Work to complete:
Look in the data below for the line that has "Hand-painted oil painting", then print exactly every line from there through the line that has "Living room: sofa, two", leaving pictures out.
-- Data to use follows --
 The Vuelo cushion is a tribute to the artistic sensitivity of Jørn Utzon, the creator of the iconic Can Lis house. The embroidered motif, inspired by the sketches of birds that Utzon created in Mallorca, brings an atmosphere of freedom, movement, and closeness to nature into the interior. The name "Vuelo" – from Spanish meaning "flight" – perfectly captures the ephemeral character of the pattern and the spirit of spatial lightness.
-- Data to use concluded --
-- Data to use follows --
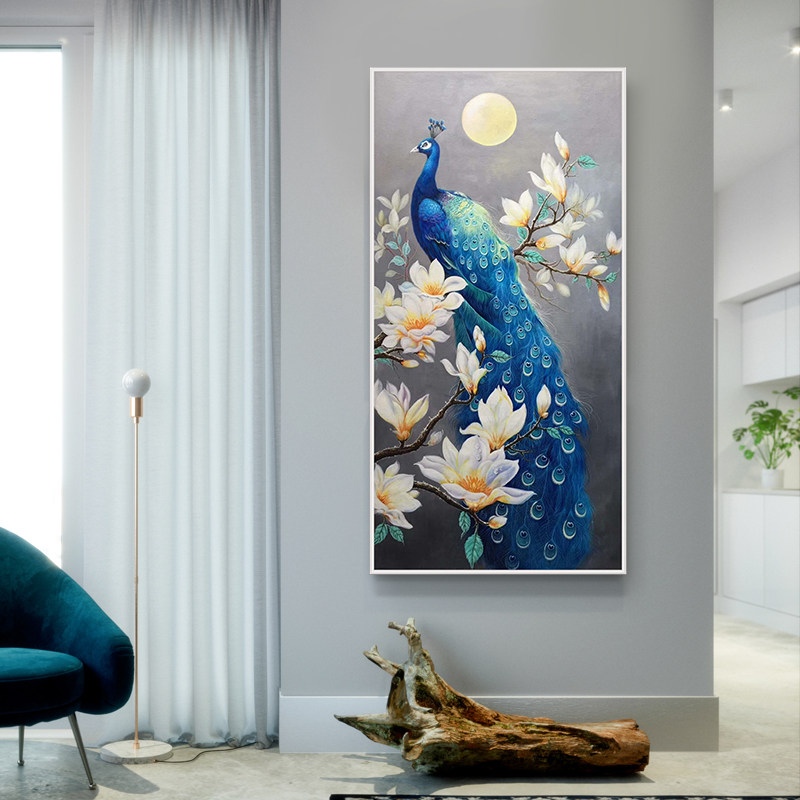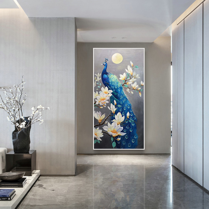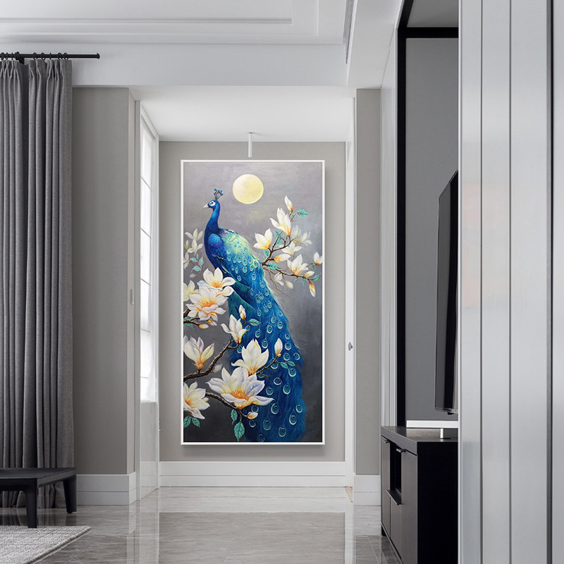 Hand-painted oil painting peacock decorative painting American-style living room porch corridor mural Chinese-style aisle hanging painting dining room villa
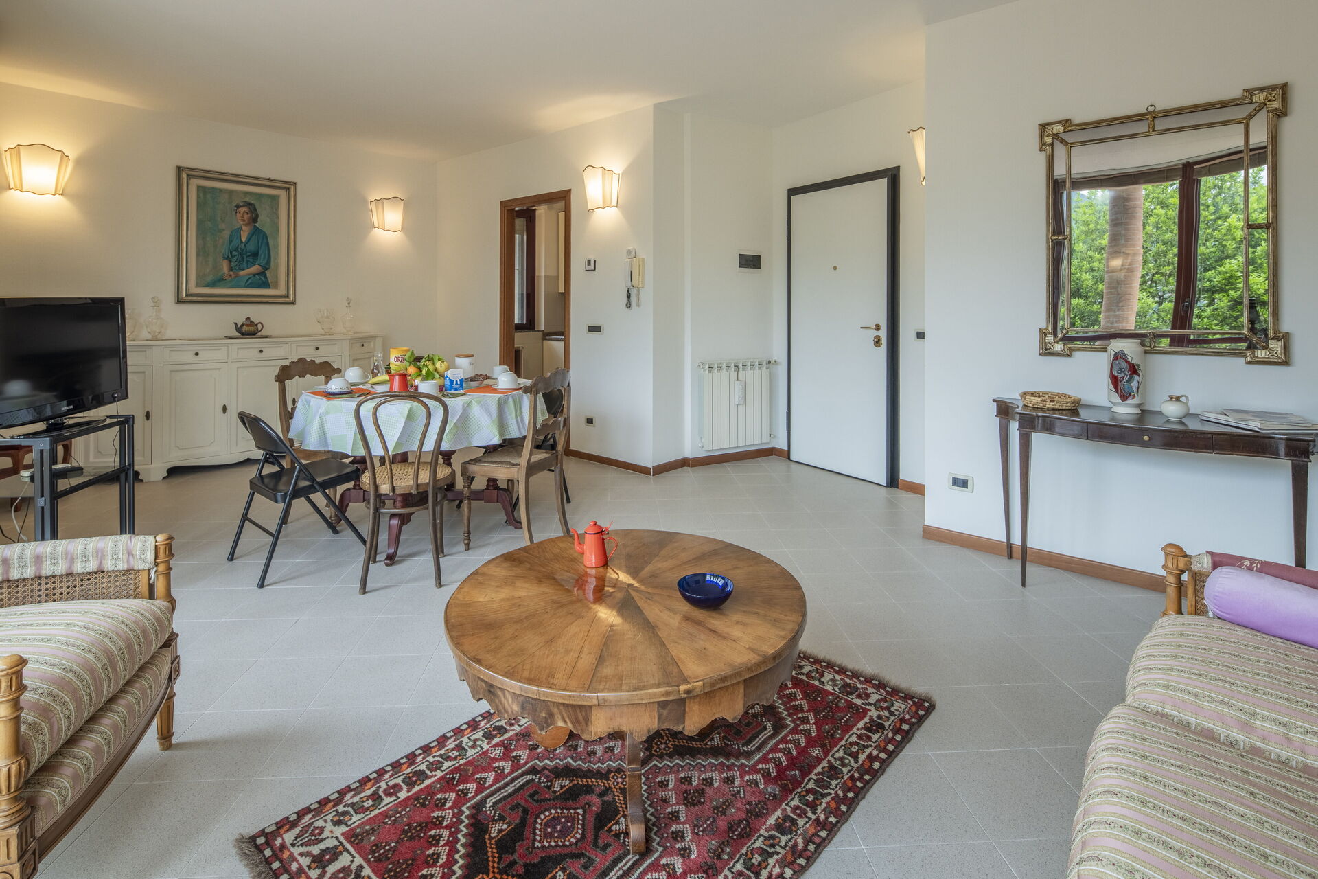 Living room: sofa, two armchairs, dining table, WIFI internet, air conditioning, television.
-- Data to use concluded --
Task result:
 Hand-painted oil painting peacock decorative painting American-style living room porch corridor mural Chinese-style aisle hanging painting dining room villa
 Living room: sofa, two armchairs, dining table, WIFI internet, air conditioning, television.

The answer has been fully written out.